NoSQL is a new revolutionary database movement, which has been proposed in the early days and is gaining momentum in 2009. Proponents of NoSQL advocate the use of non-relational data storage, which is an injection of new thinking in contrast to the overwhelming use of relational databases.

1.3 no classification

1.3.1 Storing databases by key-value

Features: A key-value database is like a hash table used in traditional languages. Add, query, or delete data using keys.

Advantages: Fast query speed.

Disadvantages: Data is unstructured and is usually stored only as strings or binary data.

Application scenario: Content cache, user information such as session, configuration information, and shopping cart. It is mainly used to handle a large amount of data with high access load. Such as: Redis, Memcached

1.3.2 Column storage database

Features: A Column store database stores data in Column families, aggregating multiple columns into a single Column Family. The keys still exist, but they have the characteristic of pointing to multiple columns. For example, if we had a Person class, we would normally query their name and age together instead of salary. In this case, name and age would be placed in one column group and salary in another.
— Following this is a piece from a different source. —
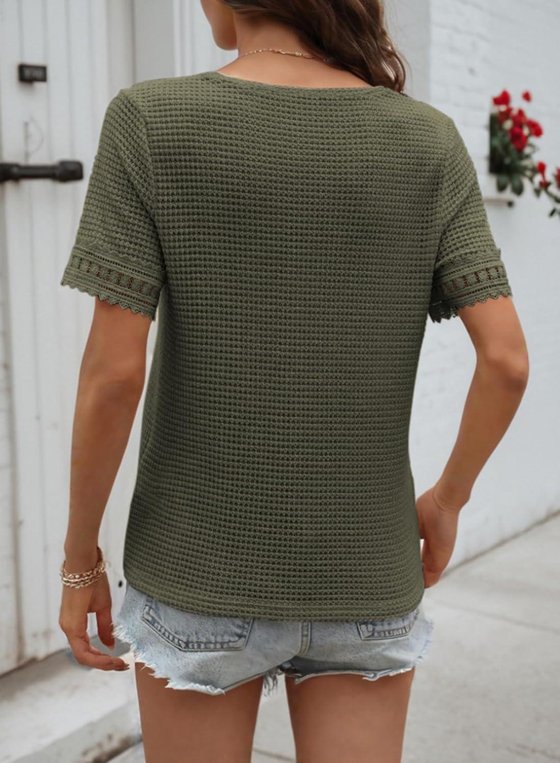 Dokotoo Women’s Casual V Neck Short Sleeve Waffle Knit Lace Patchwork Shirts Summer Loose Basic Tunic Tops Tee Blouses(Green Bay)

Advantages: Fast column storage search speed, strong scalability, easy to be distributed expansion, suitable for distributed file systems, distributed storage for massive data.
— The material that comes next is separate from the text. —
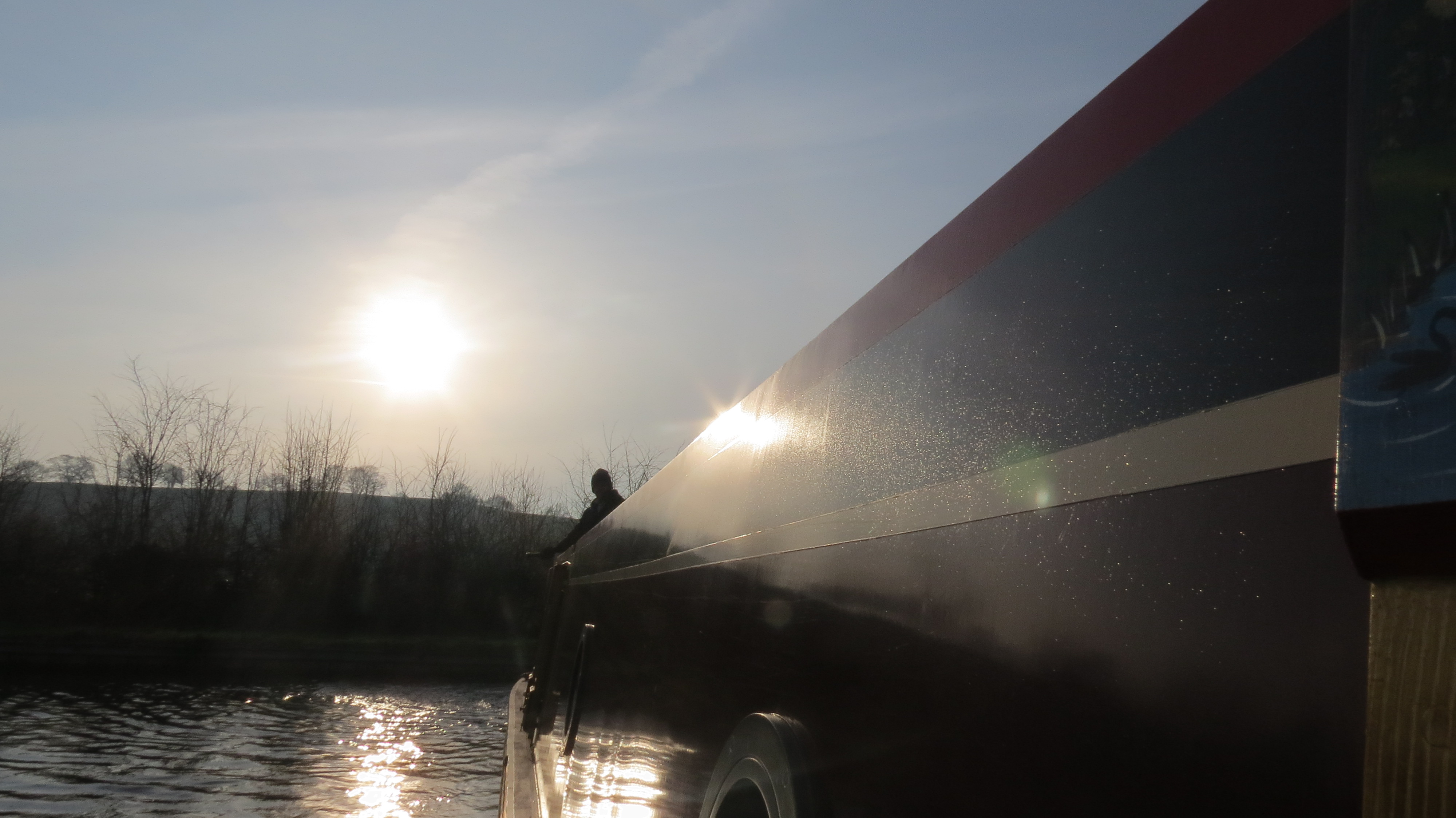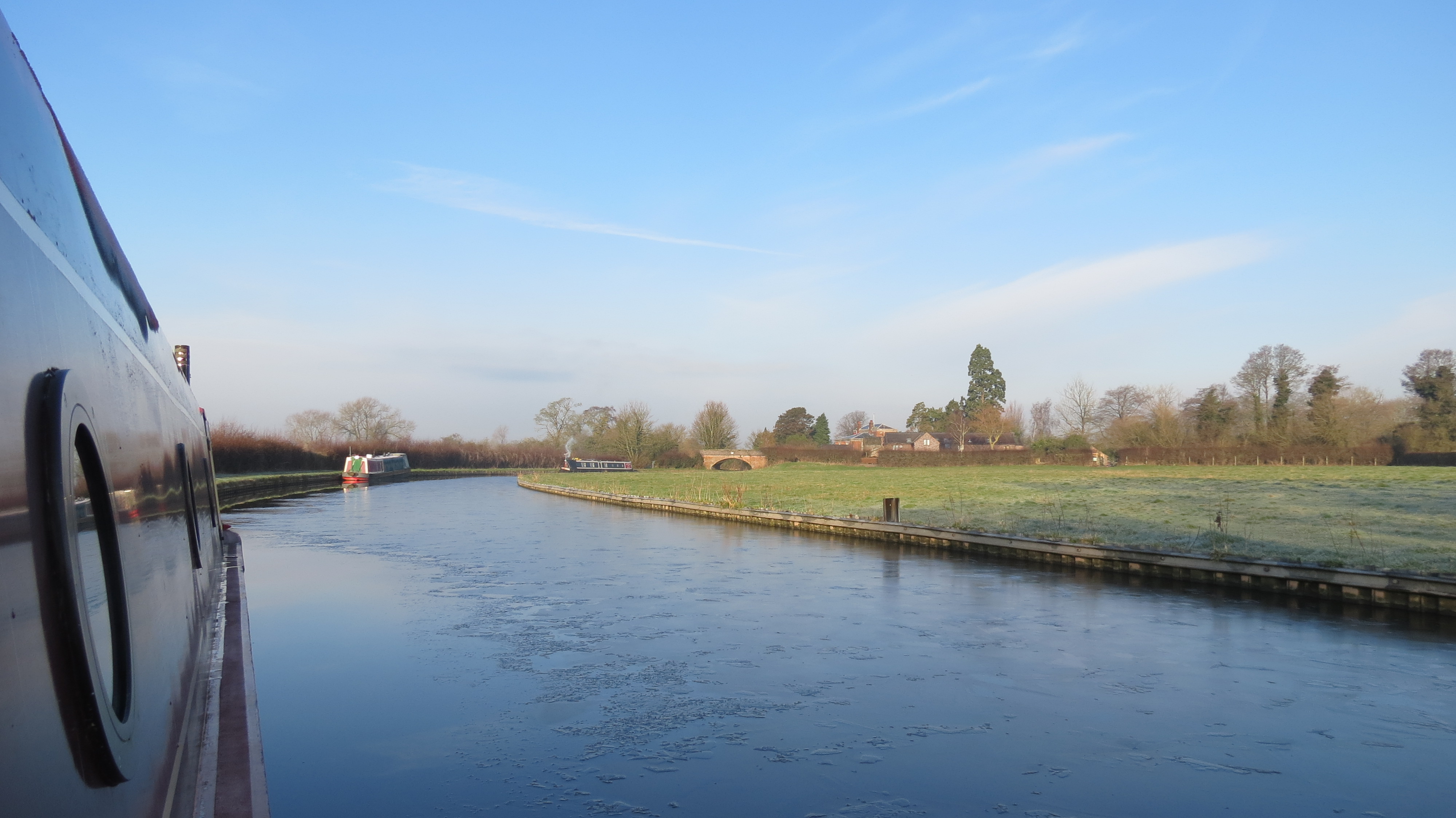 Frosty start to the day. The canal had completely iced over but everywhere looked beautiful. Took a few photos from inside the boat and one bonus was the tow paths had frozen over, excellent, far better for walking on especially with a dog.

Disadvantages: Low query performance and lack of unified query syntax.

Application scenarios: logs, distributed file systems (object storage), recommendation portraits, spatio-temporal data, messages/orders, etc. For example, Cassandra, HBase, and Riak.

1.3.3 Document Database

Features: A document database stores data in the form of a document, similar to JSON, which is a collection of data items. Each data item has a name and a corresponding value, which can be simple data types such as strings, numbers, and dates. They can also be complex types, such as ordered lists and associated objects.

Advantages: data structure requirements are not strict, table structure is variable, do not need to define table structure in advance like relational database.

Disadvantages: Low query performance and lack of unified query syntax.

Application scenarios: Logs and Web applications.

Examples: MongoDB, CouchDB…

1.3.4 Graph Database

Features: Graph databases allow us to store data as graphs.

Advantages: graph correlation algorithm. Such as shortest path addressing, N degree relation search and so on.

Disadvantages: most of the time, it is necessary to calculate the whole graph to get the required information, the distributed cluster scheme is not easy to do, the processing of super nodes is weak, there is no sharding storage mechanism, the domestic community is not active.

Application scenarios: Social network, recommendation system, etc. Focus on building the relationship map.

For example: Neo4j, Infinite Graph

Relational database

Relational database, refers to the use of a relational model to organize the data of the database, which stores data in the form of rows and columns for users to understand, relational database this series of rows and columns is called a table, a group of tables constitute a database. The mainstream relational databases are Oracle, DB2, MySQL, GP and so on.

3. How to select NoSQL and relational database?

Relational database we all may be very familiar with, is also a test point in the interview, including some of the characteristics of the database principle and so on, when it comes to how to select NoSQL and relational database, in fact, it is easy to do selection. However, the choice of NoSQL database may need to be based on the specific business scenario described above and the capabilities of your company’s existing big data platform. If I were to choose a NoSQL database, I would consider it from three aspects:

  1. Business scenario,NoSQL database selection
  2. For example, our company has Hbase. Without Riak, I might use Hbase directly
  3. Learn the cost and completeness of the technology ecosystem, such as data monitoring, cluster scalability, and so on.